Many times one wants a portable document that contains help pages for a product or platform and works both offline and online across all kinds of devices regardless of the OS. Despite claims that PDF is dead or is soon going to die, it continues to be a predominant format for creating and reading technical documents.
I wanted to try and convert the ever growing volume of help pages for AppSheet which are published using Zendesk to PDF. Ideally, I envisioned that this would be totally automated whereby a script would run on my Mac every night which would collect all the new updates on Zendesk using wget and generate a PDF. Little did I realize that it is not always as simple to work with Zendesk HTML pages. In this blog post, I will provide a short summary of my journey and what I was able to accomplish.
I first started to consider converting the HTML pages to markdown and started down this path. I chose markdown because of its simplicity and the fact that it doesn’t involve a steep learning curve for people to get used to. I thought I would simply download all the pages using wget, run html2text and get all the pages as markdown. I did not yet know how I was going to convert the markdown to PDF but luckily, I was reminded about the DITA-OT markdown plugin. Although this method kind of worked, I was unable to really control the markdown files that were generated by html2text and also, since I could not leverage many DITA capabilities required for content reuse with this approach, I abandoned it.
Having played with Beautifulsoup before, I thought I could use it to get the HTML, parse it and convert it to markdown using html2text. I found a python script that did something close to what I was attempting, so I used it as a guide and wrote some python code to fetch pages from Zendesk and markdownify them. To transform markdown to PDF, my idea was to use the DITA-OT markdown plugin. Although my script worked, and I was able to use the DITA-OT to transform a few pages, there were several issues with this approach because of differences in encoding and I had to do a lot of manual editing. Since there were over 120 pages, I decided to shelve it aside and look for some other way.

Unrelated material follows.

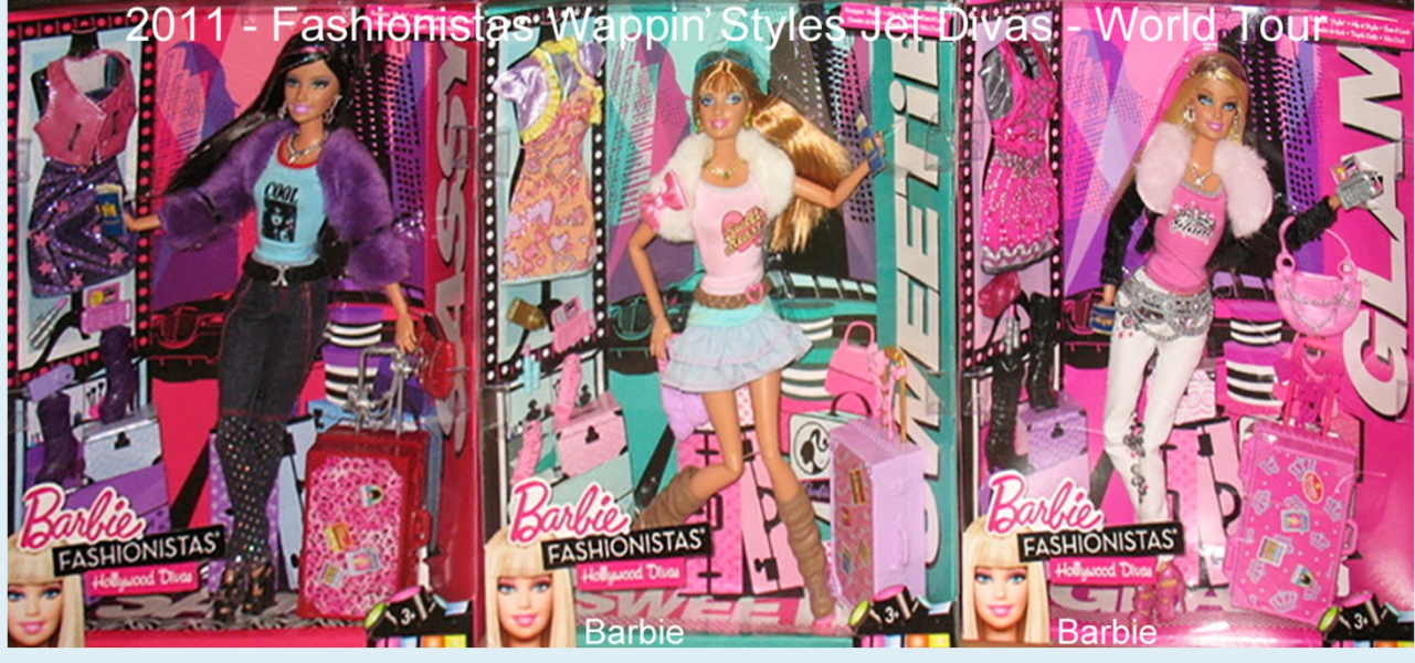
2011 - Barbie Fashionistas Swappin' Styles Jet Divas / World Tour

These sets arrived in stores in the USA around July 2011 and in Europe around September 2011.

I should note that while I was trying this method, I also looked at Pandoc,
I would have preferred to convert the HTML pages to DITA using one script but it would have involved a lot more work so I opted instead to clean up the HTML, create simpler HTML pages and run these pages through the XHTML to DITA transform that is available in my favorite XML editor, Oxygen.
I had to go through the process of modifying my python code, fixing validation errors in DITA and building the whole PDF document several times to fix numerous conversion errors but finally, I was able to accomplish most of what I set out to do. One thing I had to was to aggressively down size and change the DPI of a lot of the graphics files as they were too large and would not fit in a page. I used XnViewMP to do this as it has excellent batch conversion capabilities. It is possible that some graphics became way too small in this process.
I still don’t have all the gotchas worked out to completely automate the process but I have posted my code and the generated files to a github repository. If anyone is interested in improving the scripts to benefit all the AppSheet users, I encourage them to please fork the repository and contribute whatever they can.